Il est conseillé de ne pas procéder, le même jour, à la donation et à l’achat de la nue-propriété de l’immeuble
appartenant au donateur des fonds. Pareillement, si après la donation qui a permis l’achat en pleine propriété ou
en nue-propriété de l’immeuble appartenant au donateur, ce dernier restitue la somme donnée par l’enfant à celuici, il y aura simulation et l’administration fiscale considérera que l’opération apparente déguise une donation de
l’immeuble, taxable en tant que telle ».
6.6.
Achat en indivision ou donation ou legs en indivision
Comme déjà précisé, lorsque deux ou plusieurs personnes sont à l’origine d’une indivision ou si
elles rentrent dans une indivision par succession, la sortie d’indivision entrainera, en matière
immobilière, des droits d’enregistrement de 1 %.
Il peut dès lors être utile d’acquérir un immeuble en mettant déjà 1 % de la propriété au nom
d’un enfant.
En effet, par ce biais, il pourra plus tard reprendre cet immeuble à son parent au taux de 1 %, le
cas échéant avec des fonds qui lui auront été donnés par son parent. Cette opération peut
également se réaliser par le biais d’un testament ou d’une donation et viser une planification
successorale à long terme. Ainsi, si je donne ou lègue à un enfant un immeuble pour 99 % et à
son propre enfant pour 1 %, ce dernier pourra reprendre à son père les 99 % en payant un droit
d’enregistrement de 1 %. Il y a donc un passage à la deuxième génération au taux de 1 %.
6.7.
Vente d’un bien immeuble
Afin d’éviter des droits de donation ou de succession importants il est évidemment toujours
possible de vendre l’immeuble et de donner ensuite à la personne que l’on souhaite gratifier le
produit de la vente. En vendant l’immeuble, le propriétaire mobilise des biens et sera en mesure
de réaliser des donations mobilières à des taux particulièrement raisonnables voire nuls.
6.8.
Démembrement de la propriété emphytéose-tréfonds
Il est encore possible de réaliser une optimisation en droits de succession par le biais d’un
démembrement de la propriété emphytéose-tréfonds.

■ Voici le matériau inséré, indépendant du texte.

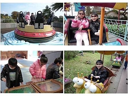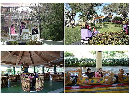 反而是老媽和我坐了轉圈圈式的遊樂設施後,感覺頭很暈. 陪孩子們坐完一輪後,就放心讓Ashley和Ray自己玩個痛快. 早在出發前,就已經上網把Ashley和Ray可以玩的(先確認過身高限制),和敢玩的遊戲項目,標記在地圖上,所以玩起來完全不浪費時間. 像是先去妙妙谷玩飛象藍天,時光旅行,旋轉木馬,小蝸牛,露娜與海盜,人魚木舟,接著到魔法森林玩摩天輪,陽光探戈,和月亮灣玩花園小舟. 11:30AM趕到青春酷片場看魔幻世界(外國劇團)演出. 然後在藍色夏威夷用午餐. 老媽吃牛肉麵套餐, Ashley和Ray分吃一份義大利麵套餐,而我則是點了檸檬雞排之類的套餐. 餐後又去玩了打彈珠和碰碰車. 本來想2:30PM再去看一場節拍屋劇場表演的DREAM CLUB,但老媽怕看劇場時間會拖太久,所以剩餘的時間就讓Ashley和Ray選擇喜愛的遊樂設施重覆地玩,直到3:10PM才依依不捨的離開.

L’hypothèse est la suivante : un père de famille est propriétaire d’un immeuble. Il crée une
société patrimoniale immobilière à laquelle il « vend » une emphytéose (avec application de droits
d’enregistrement de 0,20 %) avec ou sans réserve du droit d’habitation. Il donne ensuite à ses
enfants la créance résultant de la cession de l’emphytéose et leur vend ou leur donne le tréfonds.
30
Les actions de la société patrimoniale feront ensuite l’objet d’une donation (avec les nouvelles
difficultés que l’on connaît, à savoir la disparition des titres au porteur).
6.9.
Le recours à l’endettement
Imaginons qu’un oncle soit propriétaire d’un immeuble libre d’hypothèque d’une valeur de
250.000 €. L’oncle pourrait emprunter 250.000 € auprès d’une banque et faire donation des
fonds empruntés à ses neveux (don manuel enregistré ou non ou donation authentique).
Les neveux hériteraient alors d’une part de l’immeuble et d’autre part de la dette bancaire, de
sorte que les droits de succession seraient calculés sur une base réduite.

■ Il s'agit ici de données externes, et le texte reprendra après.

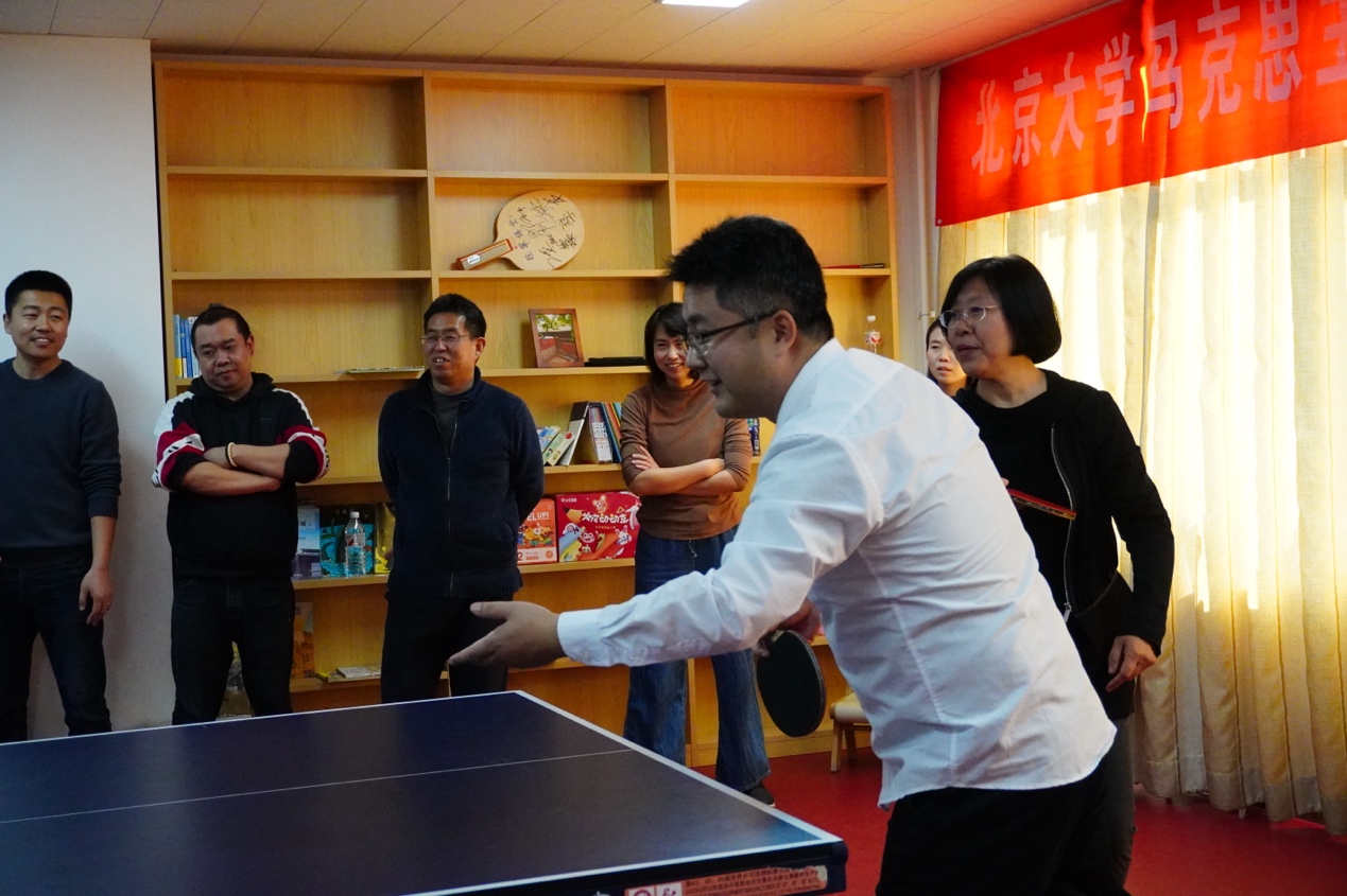 11月19日中午,北京大学马克思主义学院第二届教职工乒乓球赛半决赛在理科5号楼440顺利举行。现场气氛热烈而轻松,各所老师们以饱满状态走上赛场,既比拼技艺、更交流友谊。经过激烈拼搏,科社所和行政1队杀入决赛,党建所和思政所获得并列第3名的佳绩。

L’inconvénient du système réside en ce que les intérêts de l’emprunt ne sont pas déductibles.
Pour pallier à cet inconvénient, les neveux pourraient acheter, en indivision avec l’oncle, un autre
immeuble avec le produit de la donation de fonds.

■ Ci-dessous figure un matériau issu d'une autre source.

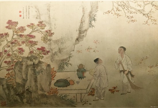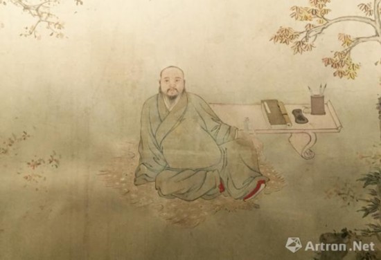 禹之鼎为别人画像不会直接就画一个坐在那里的人,不纯画肖像,他善于把人放在一个场景里。这幅画里画面中有侍者烧水沏茶、打扫。画中主人公则是正面像,神态怡然自得,手里握着佛尘,身边的几案上有文房用具,似乎是一个文人高士的身份。不过他的真实身份依然待考。

Plus encore que pour d’autres mécanismes, le risque de simulation doit être correctement
apprécié.
*
* *
De multiples autres solutions peuvent évidemment encore être trouvées. Il n’est évidemment
pas possible d’en faire un relevé exhaustif. Chaque situation nécessite en effet une analyse
particulière pour éviter toute réaction négative de la part de l’administration fiscale. Nous
n’avons donc pour but que de tracer des pistes de réflexion qui doivent être affinées compte tenu
des spécificités de chaque cas d’espèce.